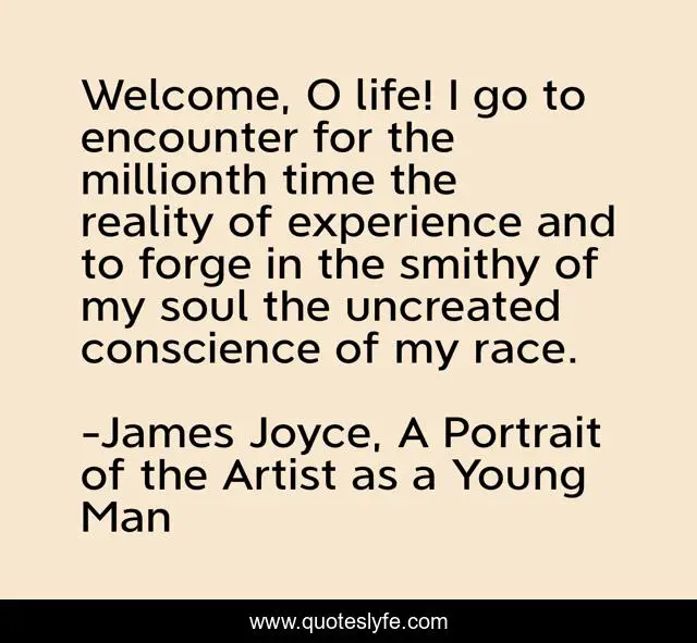 "James Joyce, A Portrait of the Artist as a Young Man Quotes." Quoteslyfe.com, 2025. Sat. 06 Dec. 2025. <https://www.quoteslyfe.com/quote/Welcome-O-life-I-go-to-encounter-158493>.
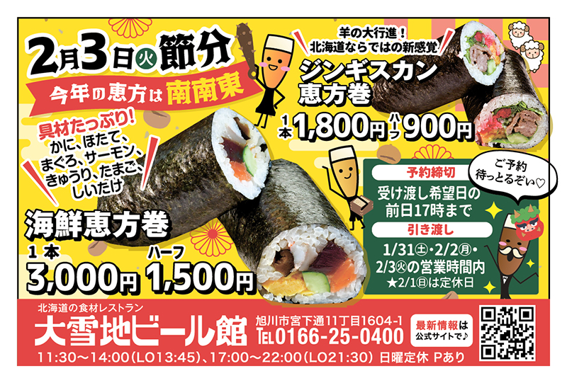 節分の縁起担ぎに、ぜひ大雪地ビール館の恵方巻をご賞味ください。
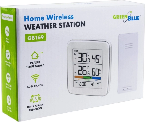 GREENBLUE GB169 est une station météo compacte et élégante pour le contrôle quotidien du climat. Son grand écran affiche simultanément la température intérieure et extérieure, l'humidité, l'heure et la date, complétés par un indicateur de confort coloré (Dry/Comfort/Wet) pour une évaluation rapide de l’environnement.
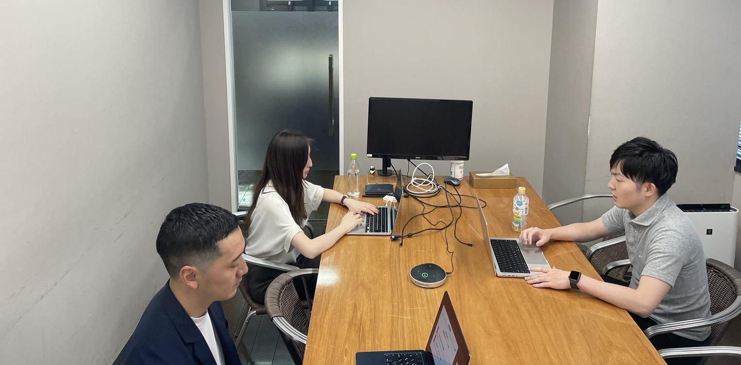 会議室に向かい合って座り、アイコンタクトを取りつつ進行、解説、開発担当と分担しながら進めます。機能開発時からビジネス部門、開発部門が一つのチームとして検討を重ねてきていますので、質問回答などでもチームワークが抜群すぎる!
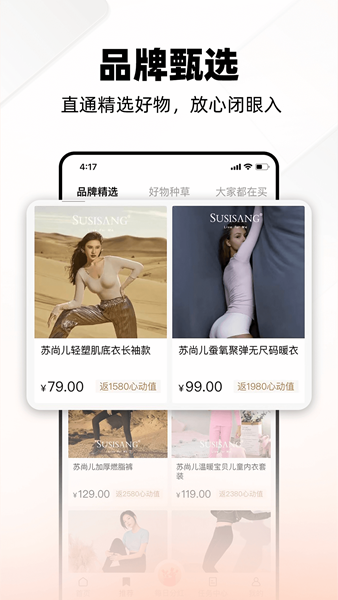 5、精选高性价比商品汇聚其中,覆盖服装服饰,母婴用品,美食等多个方面品类。

WORK INSTRUCTION: Leaving every picture out, write out exactly the lines from the one that holds "会議室に向かい合って座り、ア" through the end of the listing, both included.

RESULT FOR THIS TASK:
 会議室に向かい合って座り、アイコンタクトを取りつつ進行、解説、開発担当と分担しながら進めます。機能開発時からビジネス部門、開発部門が一つのチームとして検討を重ねてきていますので、質問回答などでもチームワークが抜群すぎる!
 5、精选高性价比商品汇聚其中,覆盖服装服饰,母婴用品,美食等多个方面品类。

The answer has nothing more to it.